Nasdaq is the biggest tech-focused index in the world. It is home to leading companies like Apple, Microsoft, Facebook, and Amazon among others. This week, investors are focusing on the index as a number of large technology companies prepare to go public.
The first company to go public will be Lyft, which is a ride sharing company focused mostly in the United States and Canada. The seven-year old company will go public and seek a valuation of more than $20 billion. With the Fear of Missing Out (FOMO) expected, there is a likelihood that investors will rush in this company. In its filings to regulators, the company reported increased revenues, which reached more than $2.2 billion in 2018. This will come ahead of the planned Uber IPO, which is expected to be launched in April.
The second company to watch will be Pinterest. Pinterest is a social media and commerce company that enables the users to create visual boards. It was started in 2010 and will be seeking to raise millions of dollars at a valuation that exceeds more than $15 billion. The company makes money by advertisements and in 2018, it generated more than $755 million.
The third company traders will watch will be Uber, which is one of the largest privately-owned companies in the world. The company makes money from the commissions it charges its riders, who operates their riders. In its recent funding, the company was valued at more than $130 billion, which is a major feat for a company that was started ten years ago.
Other companies that traders expect will go public this year will be Slack, Airbnb, Peloton, Cloudflare, Zoom, and Rubrik. All these companies are valued at more than a billion dollars.

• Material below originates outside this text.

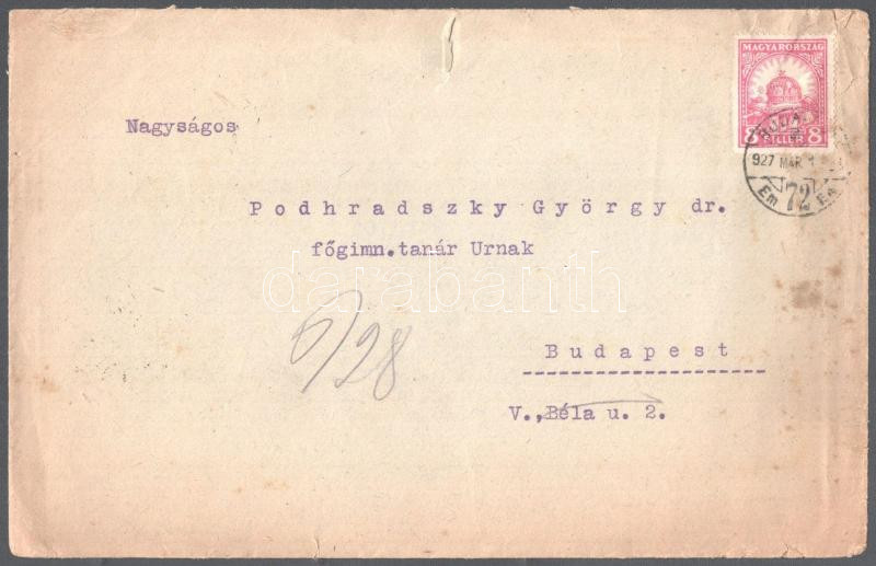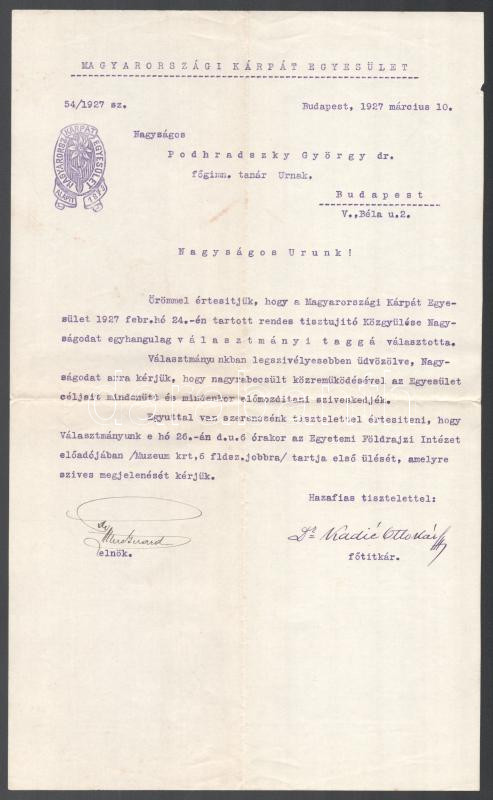 1927 Podhradszky György (1889-1972) újságíró, muzeológus, a Slovenské noviny főszerkesztőjenek írt levél a Magyarországi Kárpát Egyesülettől, melyben értesítik, hogy tagjává választották

Therefore, the Nasdaq index will be closely watched by traders. In recent days, the index has regained most of the losses suffered in December, when it declined to a bear market. In the past two days, the index has declined as investors started to worry about the yield curve. Yesterday, the index reached a low of $7292 before rising to $7377. The closing price is along the 42-day moving average and slightly above the 21-day moving averages. The RSI has moved from the oversold level to above 50. The index will likely continue to move higher as traders wait for the upcoming IPOs.